The data are characterised by a high proportion of missing values as reported by nNA() from the QFeatures package. The function computes the number and the proportion of missing values across peptides, samples or for the whole data set and return a list of three tables called nNArows, nNAcols, and nNA, respectively.

nNaRes <- nNA(spikein, "peptides")
range(nNaRes$nNAcols$pNA)
[1] 0.2196928 0.2649294

The samples contain between 22% and 26.5% missing values. The missingness within each peptide is more variable, with most peptides found accross all samples (nNA is 0) and other that could not be quantified in any sample (nNA is 20), as depicted by the histogram below.

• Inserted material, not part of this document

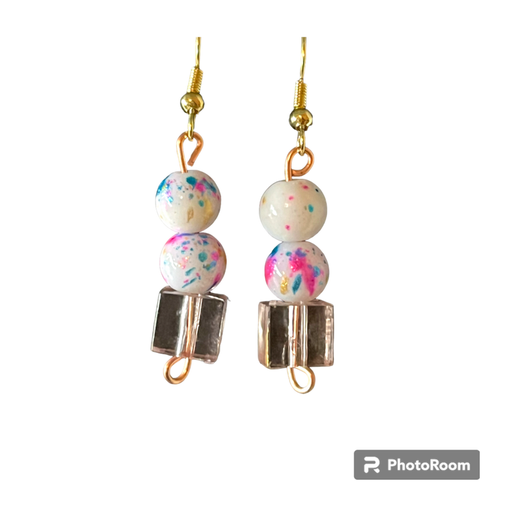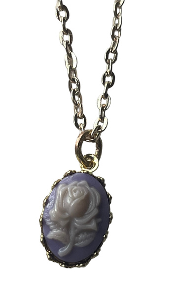 Necklace: Purple tinted Beads threaded through wire attached to a golden chain.

data.frame(nNaRes$nNArows) |> 
  ggplot() +
  aes(x = nNA) +
  geom_histogram(bins = 15) +
  ggtitle("Number of missing values for each peptide")

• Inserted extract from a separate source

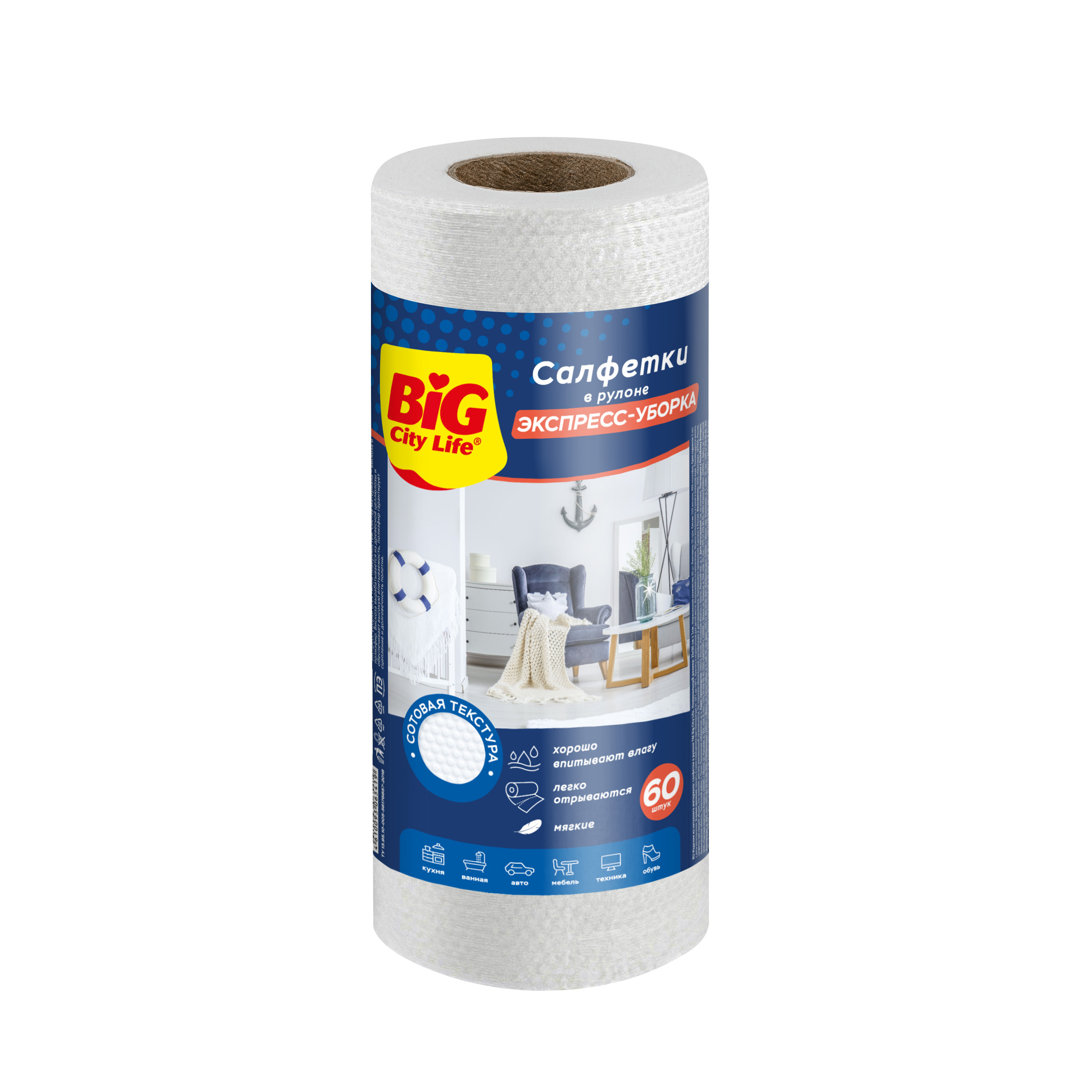 Салфетки вискозные БИГ СИТИ ЛАЙФ в рулоне 60шт

TODO assigned:Lieven DO WE USE THE SAME STRATEGY AS IN EDGER? Observe in at least as many samples as in the smallest group or in the minimum of 1/leverage for more complex designs? minSampleSize <- 1/max(hat(design))

We keep peptides that were observed at last 4 times out of the \(n = 20\) samples, so that we can estimate the peptide characteristics. We tolerate the following proportion of NAs: \(\text{pNA} = \frac{(n - 4)}{n} = 0.8\), so we keep peptides that are observed in at least 20% of the samples, which corresponds to one treatment condition. This is an arbitrary value that may need to be adjusted depending on the experiment and the data set.

nObs <- 4
n <- ncol(spikein[["peptides_log"]])
(spikein <- filterNA(spikein, i = "peptides_log", pNA = (n - nObs) / n))
An instance of class QFeatures (type: bulk) with 2 sets:

 [1] peptides: SummarizedExperiment with 30661 rows and 20 columns 
 [2] peptides_log: SummarizedExperiment with 27850 rows and 20 columns 

We keep 27850 peptides upon filtering.

1.4.4 Normalisation

The most common objective of MS-based proteomics experiments is to understand the biological changes in protein abundance between experimental conditions. However, changes in measurements between groups can be caused due to technical factors. For instance, there are systematic fluctuations from run-to-run that shift the measured intensity distribution. We can this explore as follows:

  1. We extract the sets containing the log transformed data. This is performed using QFeatures’ 3-way subsetting8.
  2. We use longForm() to convert the QFeatures object into a long table, including condition and concentration for filtering and colouring.
  3. We visualise the density of the quantitative values within each sample. We colour each sample based on its spike-in condition.
spikein[, , "peptides_log"] |> ## 1.
  longForm(colvars = c("concentration", "condition")) |> ## 2.
  data.frame() |> 
  ggplot() + ## 3.
  aes(x = value,
      colour = condition,
      group = colname) +
  geom_density()

Intensity distribution for all samples before normalisation.

Even in this clean synthetic data set (same background with a small percentage of E. coli lysate), the marginal peptide intensity distributions across samples are not well aligned. Ignoring this effect will increase the noise and reduce the statistical power of the experiment, and may also, in case of unbalanced designs, introduce confounding effects that will bias the results.

Therefore, normalisation will transform the data to make the intensities of the different samples comparable, e.g. by centering the distributions using the median, so that the distributions better coincide and overlap.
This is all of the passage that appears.